I've seen and, regrettably, written a lot of code that looks like this:

clean_data <- function(raw_data) {
  numeric_cols <- vapply(
    raw_data,
    function(x) {
      all(grepl('^-?\\d+(,\\d{3})*\\.\\d+$', x[!is.na(x)], perl = TRUE))
    },
    logical(1L)
  )
  integer_cols <- vapply(
    raw_data,
    function(x) {
      all(grepl('^-?\\d+(,\\d{3})*$', x[!is.na(x)], perl = TRUE))
    },
    logical(1L)
  )
  fips_cols <- grepl('FIPS', colnames(raw_data), fixed = TRUE)
  integer_cols <- integer_cols & !fips_cols
  raw_data[numeric_cols] <- lapply(
    raw_data[numeric_cols],
    function(x) {
      as.numeric(gsub(',', '', x, fixed = TRUE))
    }
  )
  raw_data[integer_cols] <- lapply(
    raw_data[integer_cols],
    function(x) {
      as.integer(gsub(',', '', x, fixed = TRUE))
    }
  )
  return(raw_data)
}

This function just takes data frames which store everything as characters and does common-sense-conversion for the numbers.
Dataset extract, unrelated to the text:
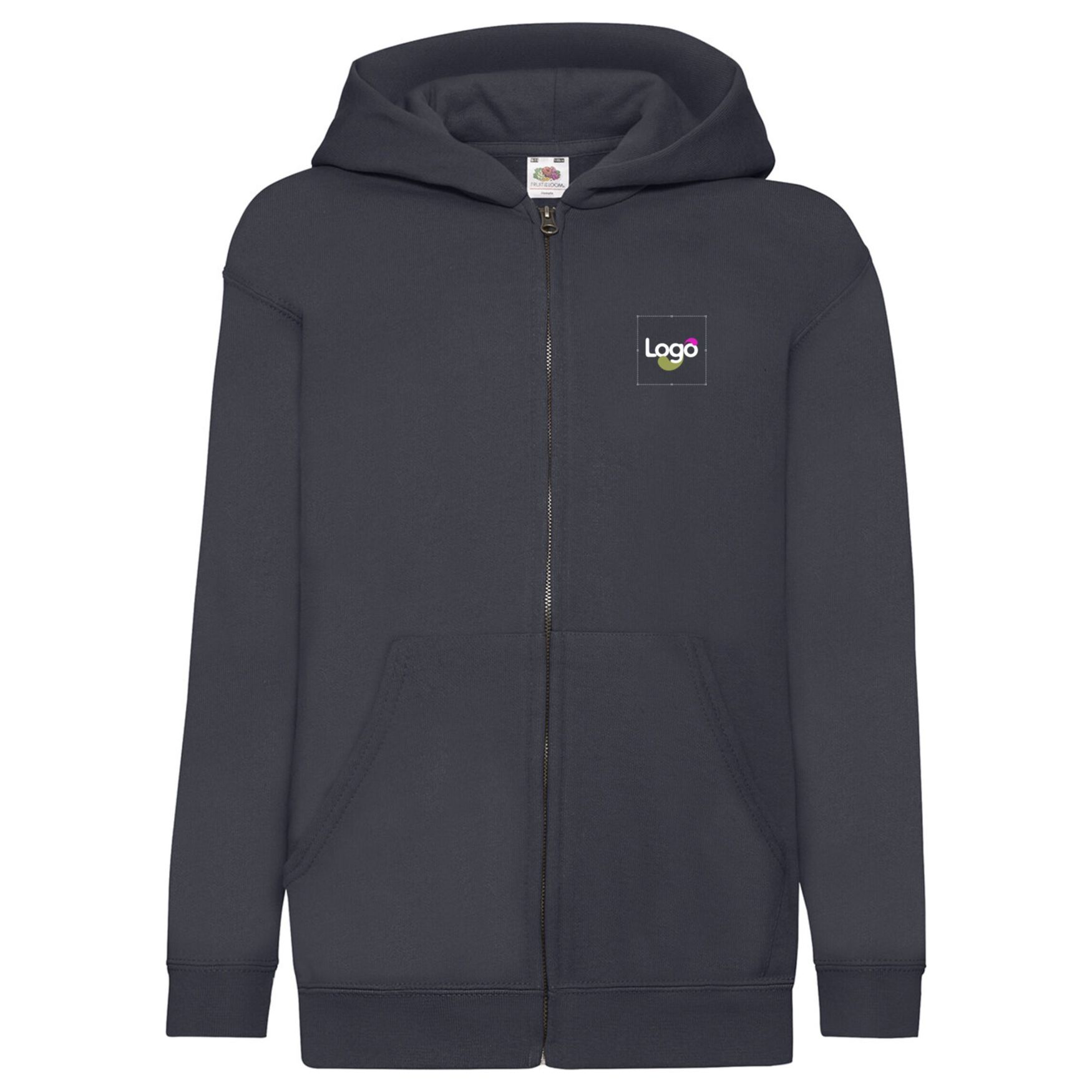 Felpa con cappuccio classica per bambini Fruit of the Loom, realizzata in cotone/polyester. Questo modello offre un comfort ottimale grazie alla banda semplice jersey. La chiusura lampo coperta facilita l'impressione e la personalizzazione. Il cappuccio imbottito senza cordino risponde alle normative di sicurezza per gli abiti dei bambini. È dotato di 2 tasche frontali e bordi elastici in vita e ai polsini in cotone/lycra® per una tenuta regolabile. Questa felpa è personalizzabile con ricamo o stampa del logo.

But it looks more complicated than that. And anyone reading the code needs to keep 5 environments in mind: one for the main function and one for each of the anonymous functions. These anonymous functions are only a single line; imagine how much worse it'd be if they were each 5 lines with their own assignments or deeper mapping functions!
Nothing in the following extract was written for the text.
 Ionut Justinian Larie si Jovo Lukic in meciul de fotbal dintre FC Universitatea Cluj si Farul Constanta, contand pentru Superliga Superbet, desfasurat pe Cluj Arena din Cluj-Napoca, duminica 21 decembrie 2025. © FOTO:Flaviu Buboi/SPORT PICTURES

But here's the same function without anonymous inner functions:

is_numeric_column <- function(x) {
  all(grepl('^-?\\d+(,\\d{3})*\\.\\d+$', x[!is.na(x)], perl = TRUE))
}

is_integer_column <- function(x) {
  all(grepl('^-?\\d+(,\\d{3})*$', x[!is.na(x)], perl = TRUE))
}

fix_numeric <- function(x) {
  as.numeric(gsub(',', '', x, fixed = TRUE))
}

fix_integer <- function(x) {
  as.integer(gsub(',', '', x, fixed = TRUE))
}

clean_data <- function(raw_data) {
  numeric_cols <- vapply(raw_data, is_numeric_column, logical(1L))
  integer_cols <- vapply(raw_data, is_integer_column, logical(1L))
  fips_cols <- grepl('FIPS', colnames(raw_data), fixed = TRUE)
  integer_cols <- integer_cols & !fips_cols
  raw_data[numeric_cols] <- lapply(raw_data[numeric_cols], fix_numeric)
  raw_data[integer_cols] <- lapply(raw_data[integer_cols], fix_integer)
  return(raw_data)
}

Now it's understandable even without comments.